▸ **Aim of the task**
Leave every image behind and restate the data word for word.

(Data records)

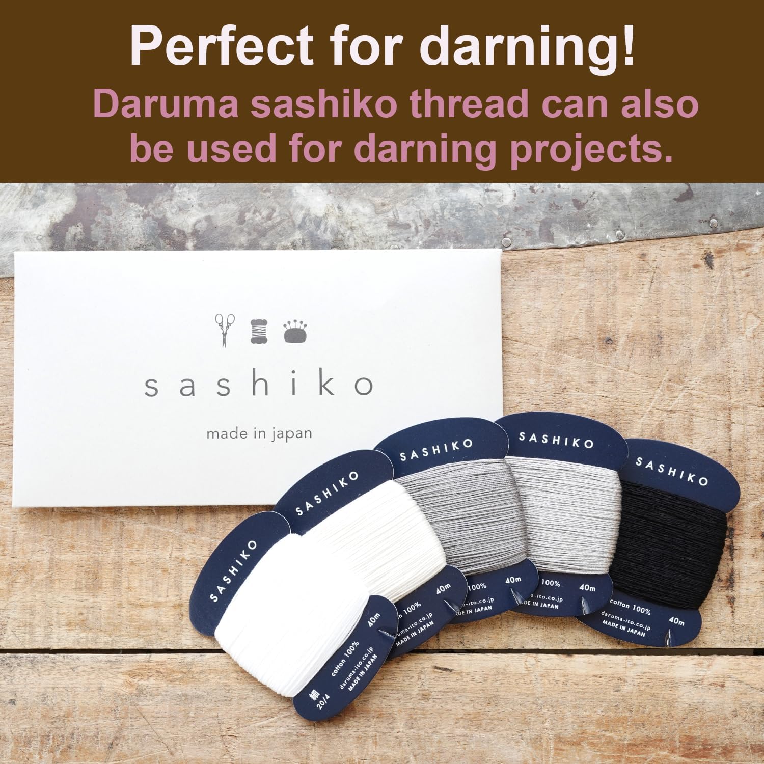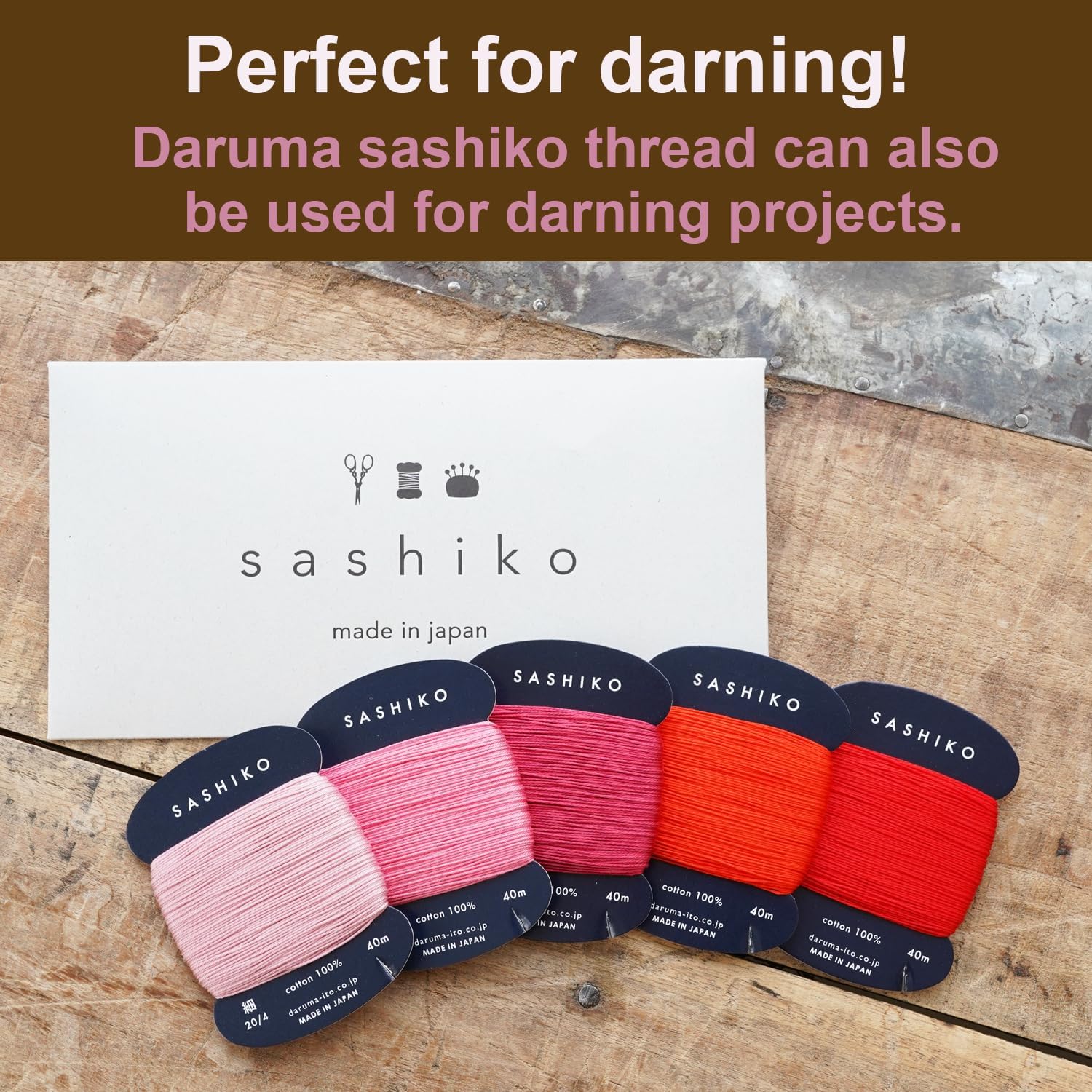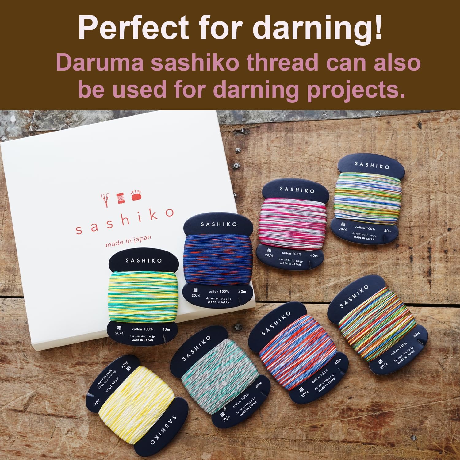 DARUMA Sashiko Thread 100% Cotton Card Type (43.7 yd) x 37 Colors with English Manual and Gift Box, Sewing & Embroidery Value Set (Thin, 37 Colors)
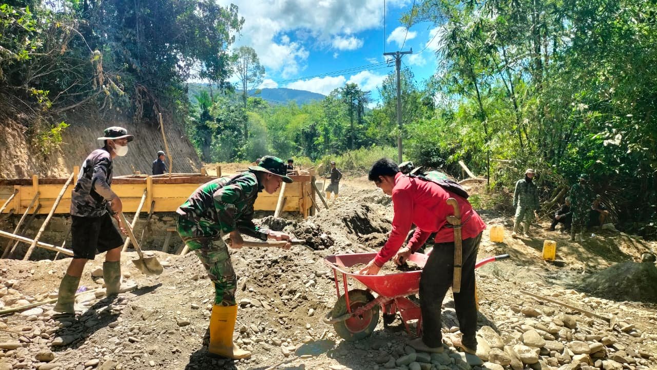 Gotong Royong Satgas TMMD dan Warga Ueesi Wujudkan Pembangunan 12 Duiker
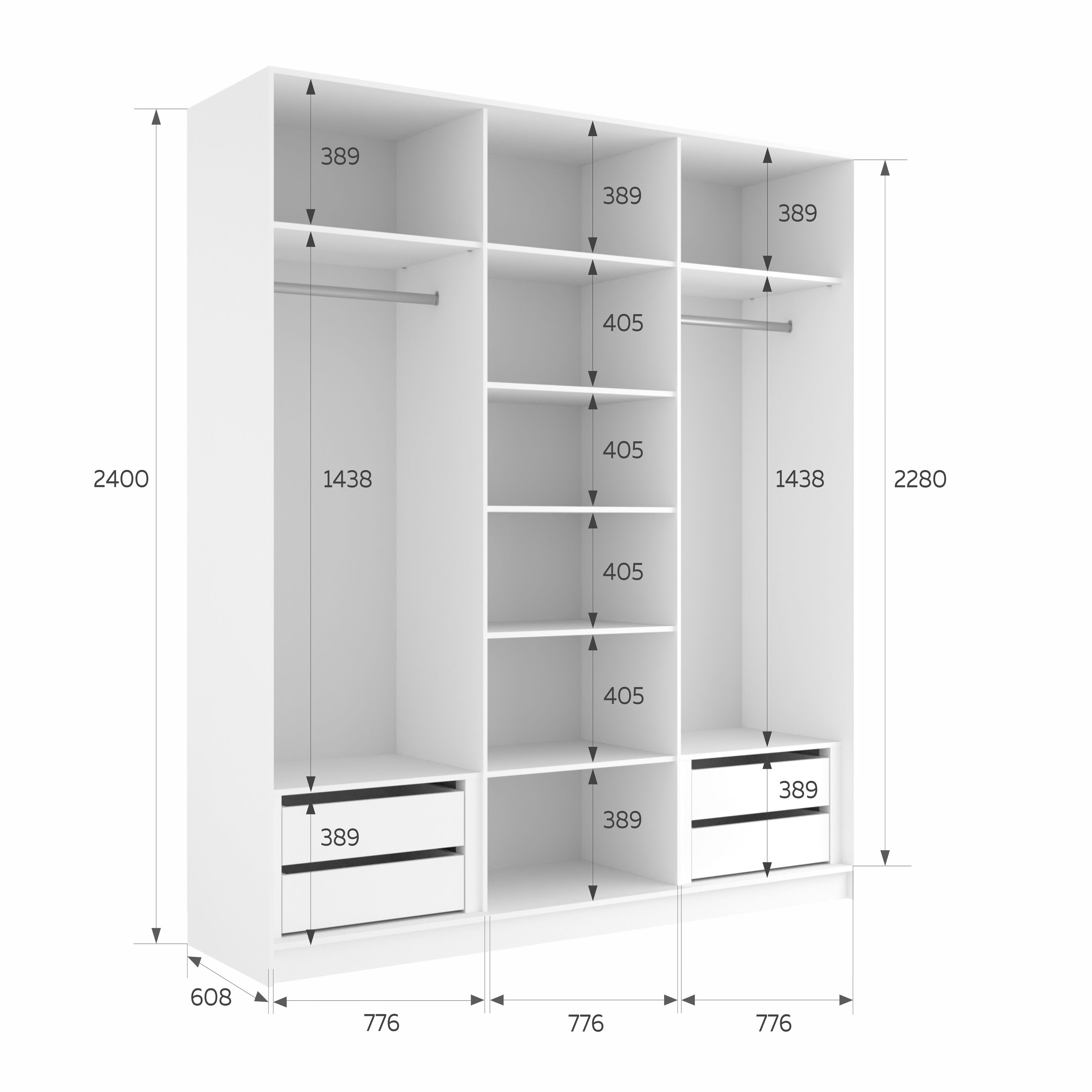 Отзывы о Столплит Шкаф-купе Эста Зеркало+Зеркало+Зеркало 240х66х240 Белый
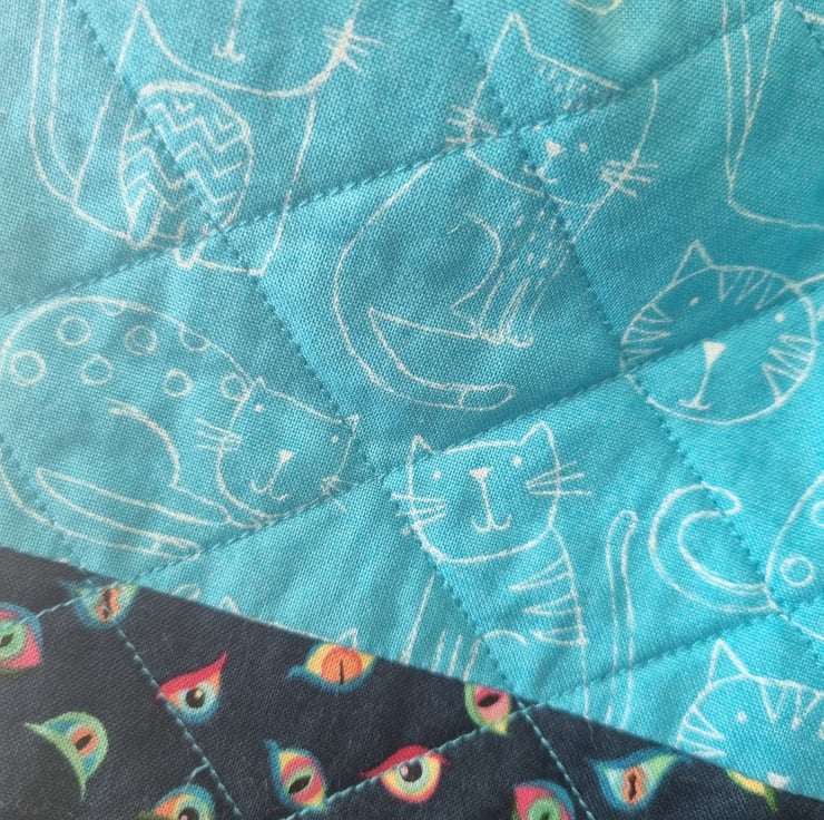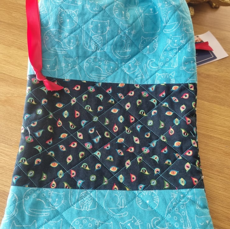 Quilted patchwork hot water bottle cover in turquoise line drawn cat print and navy multi coloured cat eyes print fabrics. Coordinating lining and deep scarlet satin ribbon drawstrings. The same fabrics and stripes pattern on both sides, lined in plain fabric.
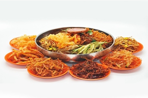 瓜丝金针磨、葱油海带丝、海带结、果仁菠菜、泡椒风爪
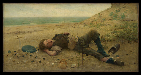 Harrison painted this picture in Pont-Aven, an artist's colony in Brittany. After making preliminary studies on the beach six kilometers away, he dumped two cartloads of sand in the courtyard of his studio in the village and completed the painting outdoors. The painting was exhibited at the Paris Salon of 1882, where it was the artist's first success. The painter Jules Bastien-Lepage admired its plein-air realism and, as a result, sought Harrison's friendship. The subject may have been inspired by an 1877 poem by Henry Wadsworth Longfellow, "Castles in Spain," which describes the optimistic daydreams of youth. Longfellow died in 1882, the year Harrison completed the painting. Between 1882 and 1884, there were a number of other paintings produced by other artists having this same title.
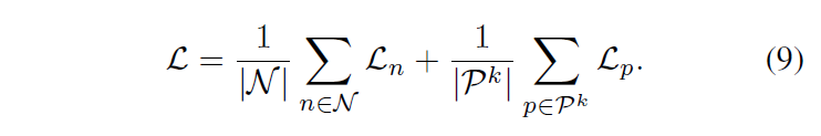 구체적으로, 저자들은 positive proposal의 IoU 범위 [a,b]를 t개 IoU간격의 K개의 그룹으로 나눠 (K = (a-b)/t ) foreground context가 다른 그룹으로 나뉘게 해서 각 그룹안에 있는 proposal 들은 유사한 context level을 갖도록 합니다. 이후 K개의 그룹의 prompt representation을 독립적으로 학습합니다. k개의 그룹에서, 저자들은 vivsual embedding을 추출하여 각 확률값인 {p}_{nc}을 구한 다음에 위의 3,4번 수식으로 동일하게 학습하여 positive loss {L}_{p}를 학습합니다. negative proposal도 이런 group에 속하게 되며 각 그룹에 대한 최종 loss function은 다음과 같이 구성되게 됩니다.
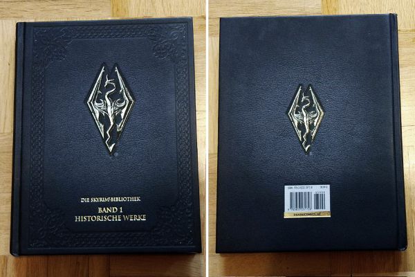 Anmerkung: Laut Kommentaren von Kunden, unter anderem auf Amazon, soll die 2. Auflage weniger hochwertig gestaltet sein als die hier vorliegende 1. Auflage. Die Kunstlederoptik sei nicht mehr vorhanden und bei dem „Skyrim“-Symbol handele es sich nur noch um eine Folienprägung. Ich habe die Sache nicht überprüft, daher kann ich nur widergeben, wovon ich selbst gelesen habe. Wenn diese Feststellungen der Wahrheit entsprechen, wäre das allerdings schade. Zumal das Buch zum gleichen Preis angeboten wird, wie damals die 1. Auflage.
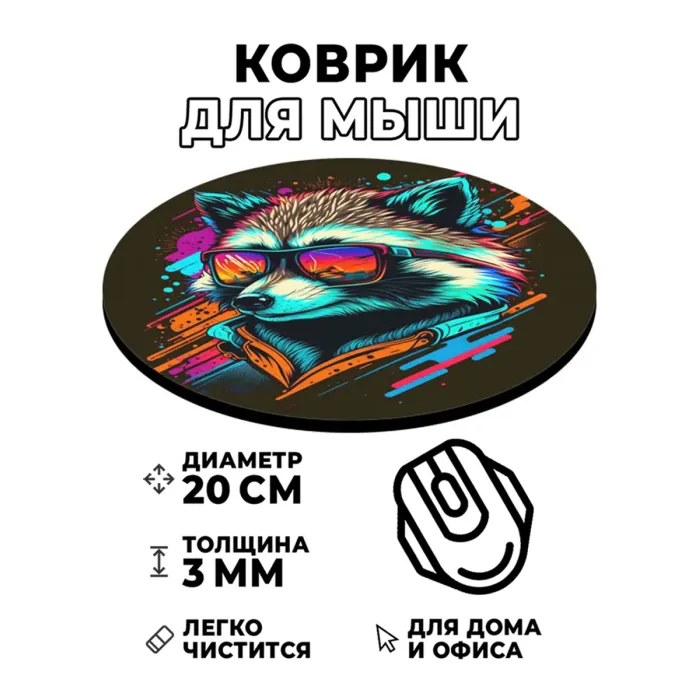 Коврик для мыши с изображением енота — это не только практичный аксессуар для компьютера, но и стильный элемент декора рабочего места. Он обладает стойким, четким и контрастным изображением, которое добавит яркие акценты в повседневную рутину.

▸ **Result for this exercise**
 DARUMA Sashiko Thread 100% Cotton Card Type (43.7 yd) x 37 Colors with English Manual and Gift Box, Sewing & Embroidery Value Set (Thin, 37 Colors)
 Gotong Royong Satgas TMMD dan Warga Ueesi Wujudkan Pembangunan 12 Duiker
 Отзывы о Столплит Шкаф-купе Эста Зеркало+Зеркало+Зеркало 240х66х240 Белый
 Quilted patchwork hot water bottle cover in turquoise line drawn cat print and navy multi coloured cat eyes print fabrics. Coordinating lining and deep scarlet satin ribbon drawstrings. The same fabrics and stripes pattern on both sides, lined in plain fabric.
 瓜丝金针磨、葱油海带丝、海带结、果仁菠菜、泡椒风爪
 Harrison painted this picture in Pont-Aven, an artist's colony in Brittany. After making preliminary studies on the beach six kilometers away, he dumped two cartloads of sand in the courtyard of his studio in the village and completed the painting outdoors. The painting was exhibited at the Paris Salon of 1882, where it was the artist's first success. The painter Jules Bastien-Lepage admired its plein-air realism and, as a result, sought Harrison's friendship. The subject may have been inspired by an 1877 poem by Henry Wadsworth Longfellow, "Castles in Spain," which describes the optimistic daydreams of youth. Longfellow died in 1882, the year Harrison completed the painting. Between 1882 and 1884, there were a number of other paintings produced by other artists having this same title.
 구체적으로, 저자들은 positive proposal의 IoU 범위 [a,b]를 t개 IoU간격의 K개의 그룹으로 나눠 (K = (a-b)/t ) foreground context가 다른 그룹으로 나뉘게 해서 각 그룹안에 있는 proposal 들은 유사한 context level을 갖도록 합니다. 이후 K개의 그룹의 prompt representation을 독립적으로 학습합니다. k개의 그룹에서, 저자들은 vivsual embedding을 추출하여 각 확률값인 {p}_{nc}을 구한 다음에 위의 3,4번 수식으로 동일하게 학습하여 positive loss {L}_{p}를 학습합니다. negative proposal도 이런 group에 속하게 되며 각 그룹에 대한 최종 loss function은 다음과 같이 구성되게 됩니다.
 Anmerkung: Laut Kommentaren von Kunden, unter anderem auf Amazon, soll die 2. Auflage weniger hochwertig gestaltet sein als die hier vorliegende 1. Auflage. Die Kunstlederoptik sei nicht mehr vorhanden und bei dem „Skyrim“-Symbol handele es sich nur noch um eine Folienprägung. Ich habe die Sache nicht überprüft, daher kann ich nur widergeben, wovon ich selbst gelesen habe. Wenn diese Feststellungen der Wahrheit entsprechen, wäre das allerdings schade. Zumal das Buch zum gleichen Preis angeboten wird, wie damals die 1. Auflage.
 Коврик для мыши с изображением енота — это не только практичный аксессуар для компьютера, но и стильный элемент декора рабочего места. Он обладает стойким, четким и контрастным изображением, которое добавит яркие акценты в повседневную рутину.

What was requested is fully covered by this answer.